> [What needs to be done]: Transcribe the full listing without changing a word, and omit its pictures.

> [Input data]:

────────────────────────────────────────

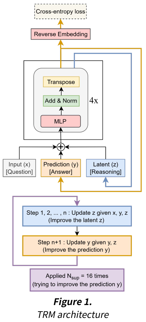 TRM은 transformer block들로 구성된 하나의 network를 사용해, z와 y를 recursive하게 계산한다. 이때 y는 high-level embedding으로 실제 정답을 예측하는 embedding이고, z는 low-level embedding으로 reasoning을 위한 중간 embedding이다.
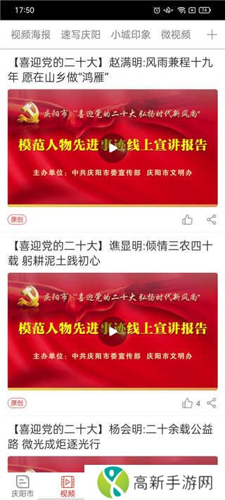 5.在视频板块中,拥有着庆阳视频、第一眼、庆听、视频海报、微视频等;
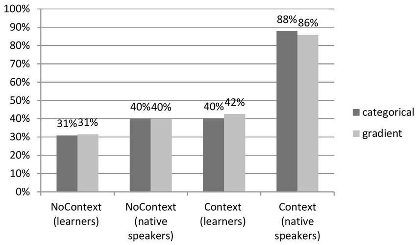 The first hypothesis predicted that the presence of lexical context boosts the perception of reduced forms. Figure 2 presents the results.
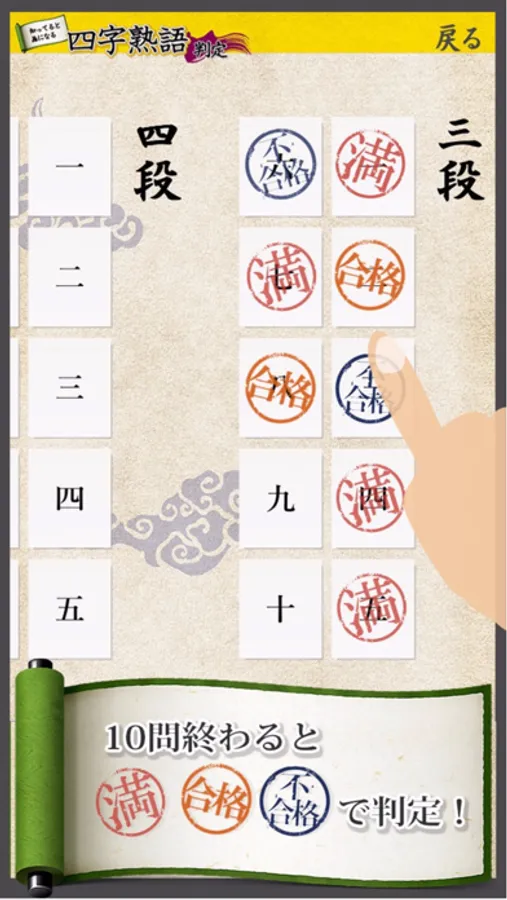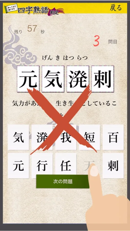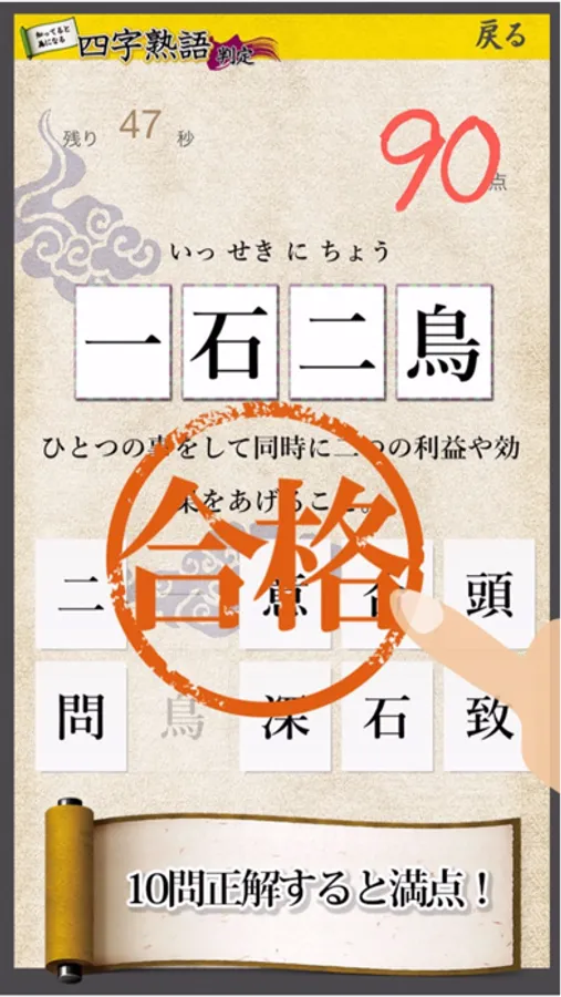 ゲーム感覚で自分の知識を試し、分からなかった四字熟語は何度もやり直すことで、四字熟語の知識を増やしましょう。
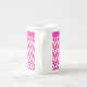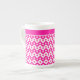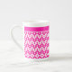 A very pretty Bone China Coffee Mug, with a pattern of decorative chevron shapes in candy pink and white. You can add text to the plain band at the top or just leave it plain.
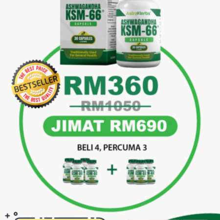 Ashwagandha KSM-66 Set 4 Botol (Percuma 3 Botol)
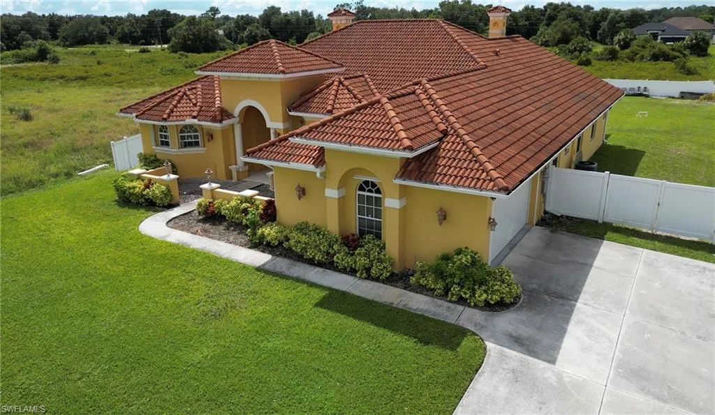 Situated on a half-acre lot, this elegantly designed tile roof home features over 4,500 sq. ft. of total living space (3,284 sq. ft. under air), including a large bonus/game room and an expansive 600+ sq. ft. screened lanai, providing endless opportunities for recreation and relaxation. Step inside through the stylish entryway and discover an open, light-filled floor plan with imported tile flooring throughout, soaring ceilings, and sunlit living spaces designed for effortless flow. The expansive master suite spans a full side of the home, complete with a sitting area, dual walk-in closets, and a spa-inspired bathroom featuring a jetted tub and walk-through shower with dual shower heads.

────────────────────────────────────────

> [Solution for this task]:
 TRM은 transformer block들로 구성된 하나의 network를 사용해, z와 y를 recursive하게 계산한다. 이때 y는 high-level embedding으로 실제 정답을 예측하는 embedding이고, z는 low-level embedding으로 reasoning을 위한 중간 embedding이다.
 5.在视频板块中,拥有着庆阳视频、第一眼、庆听、视频海报、微视频等;
 The first hypothesis predicted that the presence of lexical context boosts the perception of reduced forms. Figure 2 presents the results.
 ゲーム感覚で自分の知識を試し、分からなかった四字熟語は何度もやり直すことで、四字熟語の知識を増やしましょう。
 A very pretty Bone China Coffee Mug, with a pattern of decorative chevron shapes in candy pink and white. You can add text to the plain band at the top or just leave it plain.
 Ashwagandha KSM-66 Set 4 Botol (Percuma 3 Botol)
 Situated on a half-acre lot, this elegantly designed tile roof home features over 4,500 sq. ft. of total living space (3,284 sq. ft. under air), including a large bonus/game room and an expansive 600+ sq. ft. screened lanai, providing endless opportunities for recreation and relaxation. Step inside through the stylish entryway and discover an open, light-filled floor plan with imported tile flooring throughout, soaring ceilings, and sunlit living spaces designed for effortless flow. The expansive master suite spans a full side of the home, complete with a sitting area, dual walk-in closets, and a spa-inspired bathroom featuring a jetted tub and walk-through shower with dual shower heads.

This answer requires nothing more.